The Icelandic businessmen, together with Russian partners, founded a bottling company Baltic Bottling Plant in Saint Petersburg in June 1993 which was sold to Pepsi for 4 billion DKK in 1997. The three businessmen were among the first clients of the attorney Jeffrey Galmond in Saint Petersburg. They moved to brewing and founded a brewing company Bravo International OOO in August 1996 which became Bravo International JSC in December 1997. Bravo Brewery became a success on the premium beer Botchkarov.

Danish journalists noted that the Committee on External Economic Relations in the Mayor's office was responsible for foreigners in Saint Petersburg. The committee's chairman was Vladimir Putin who had approved more than 9000 joint ventures.

In 2005 an article in The Guardian wondered where the Icelandic money comes from and noted that in the 1990s these Icelandic businessmen "were not only ploughing money into the country but doing it in the city regarded as the Russian mafia capital. That investment was being made in the drinks sector, seen by the mafia as the industry of choice." Competitors in the Saint Petersburg brewing market faced problems.

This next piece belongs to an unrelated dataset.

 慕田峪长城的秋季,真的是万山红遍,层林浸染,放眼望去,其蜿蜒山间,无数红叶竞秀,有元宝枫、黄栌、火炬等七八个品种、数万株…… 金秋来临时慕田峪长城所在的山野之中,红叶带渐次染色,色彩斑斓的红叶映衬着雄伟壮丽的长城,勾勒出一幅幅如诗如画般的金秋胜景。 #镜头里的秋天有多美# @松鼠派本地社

Ilya Weismann, deputy director of a competing beverage company Baltic, was assassinated on 10 January 2000. Then Baltic director general Aslanbek Chochiev was assassinated. One competing Saint Petersburg brewery burned to the ground.

Bravo Brewery became the fastest growing brewery in Russia. Heineken bought the brewery for $400m in 2002.

==Consul of Russia==
In 2000, Saint Petersburg opened an honorary consulate in Iceland. Thor Bjorgolfsson was appointed Consul and Magnus Thorsteinsson was appointed Honorary Vice-Consul. The opening ceremony was held on 10 March 2000.

==New businesses==
Magnús acquired 51% of stocks in Air Atlanta Icelandic in 2002 and a majority share in Landsbanki with other controversial business partners, Björgólfur Thor Björgólfsson and Björgólfur Guðmundsson. Magnús lost most of his fortune in the 2008 financial crisis due to the high leverage in his investments in contracts for difference, the so-called CFD scheme, in which banks issue loans secured by shares, which, under Icelandic law, the loan was for up to 25% of the equity of the shares, and earnings come from the exchange rate difference: for example, between high inflation rate-weak currency Iceland and either Japan or Switzerland which, in the early 2000s, had a relatively strong currency compared to the Icelandic króna and low inflation rate.

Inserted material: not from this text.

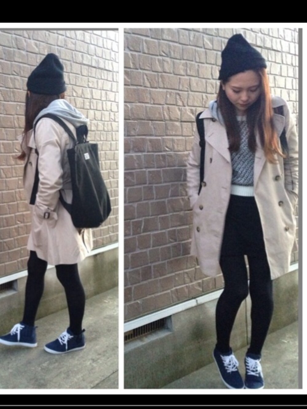 ニット帽:H&M パーカー:UNIQLO スカート:H&M スニーカー:Forever21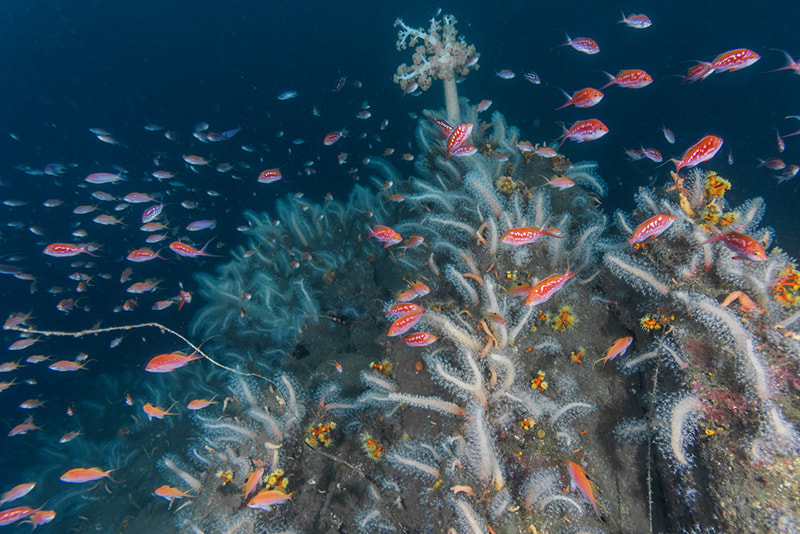 西伊豆・平沢のボートポイント「淡島」の深場の根は、サクラダイやナガハナダイ、アカオビハナダイが舞い踊るワンダーランドでした。

Iceland banks, such as Glitnir, Kaupthing and Magnús's Landsbanki, had many Russian oligarchs and Russian entities as clients including Oleg Deripaska, Rusal, Roman Abramovich, Renova, Mikhail Fridman, Alfa Group, Alisher Usmanov, Sberbank, Gennady Timchenko, Gunvor, Igor Sechin, Rosneft, Norilsk Nickel. In 2008 before the economic difficulties, Russians had $20 billion in capital in Iceland's banking sector. Because the accounts were frozen after the 2008 financial collapse in Iceland, some of the Russian clients and entities were issued promissary notes (bonds) in the banks and Iceland government after the bankruptcy of Icelandic banks and the collapse of the government of Iceland hoping to be the first to receive, as investors, some of the $6 billion of the bailout money which came later from IMF in addition to recovering the Russian's frozen assets for almost nothing after the bankrupted banks were forced to sell their assets. Previously, according to Filipe Turover Chudínov, many Russians stole IMF funds after the 1998 financial collapse of Russia. (Note: Later, Alexander Perepilichnyy, Boris Berezovsky, Jody Kris, and others claimed that Iceland banks had participated in money laundering by Russia.)